# How do you solve the system of equations -x+7y=3 and -4x+28y=12 by the elimination method?

Feb 24, 2017

Infinite solutions.

#### Explanation:

If we multiply $- x + 7 y = 3$ by $4$ it leads to

$- 4 x + 28 y = 12$, the same as the second equation.

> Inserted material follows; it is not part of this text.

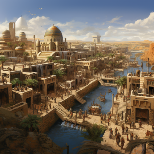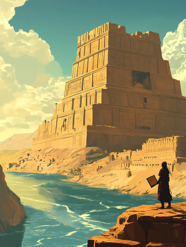 A vibrant archaeological scene depicting the ruins of ancient Mesopotamian cities like Ur and Nineveh at sunset, casting a warm golden light on the sandy terrain. In the foreground, several archaeologists in work attire are carefully excavating, using tools like shovels and brushes, focused on their task. Surrounding them are various clay tablets inscribed with cuneiform writing, alongside beautifully crafted ancient statues and artifacts, showcasing the artistry of the civilization. Partially visible is a grand temple ruin with towering stone columns and intricate carvings, hinting at its former glory. In the background, desert wildlife like camels and birds coexist with the ruins, symbolizing the natural environment. Above the scene, translucent images of ancient Mesopotamian life--farmers working the land, bustling marketplaces, and ritual ceremonies--create a dynamic contrast, emphasizing the intersection of history and discovery. The color palette features soft earth tones and warm hues of sunset, enhancing the atmosphere of exploration and reverence for the rich heritage of this ancient civilization --ar 16:9

Hence $- x + 7 y = 3$ and $- 4 x + 28 y = 12$ represent same line

or two coinciding lines.

Now as $- x + 7 y = 3$ leads to $x = 7 y - 3$, any point $\left(7 k - 3 , k\right)$ falls on these lines and hence the sets of equation has infinite solutions as putting any value of $k$ will give a solution to 'two' equations.

Elimination method

Trying elimination method we have obtained $x = 7 y - 3$ from first equation and putting this in second eliminates $x$ and we get

$- 4 \left(7 y - 3\right) + 28 y = 12$

or $- 4 \times 7 y - 4 \times \left(- 3\right) + 28 y = 12$

or $- 28 y + 12 + 28 y = 12$

or $12 = 12$

When we have such pair of equations, as may be observed, we find that other variable too is eliminated and we get $a = a$, where $a$ is a real number (here $a = 12$). This denotes 'two' coinciding lines (when graphed) and infinite solutions.

Note - if we get two unequal numbers $a = b$, where $a$ and $b$ are two different numbers, this means two parallel lines. For example one can try for $- x + 7 y = 8$ and $- 4 x + 28 y = 12$.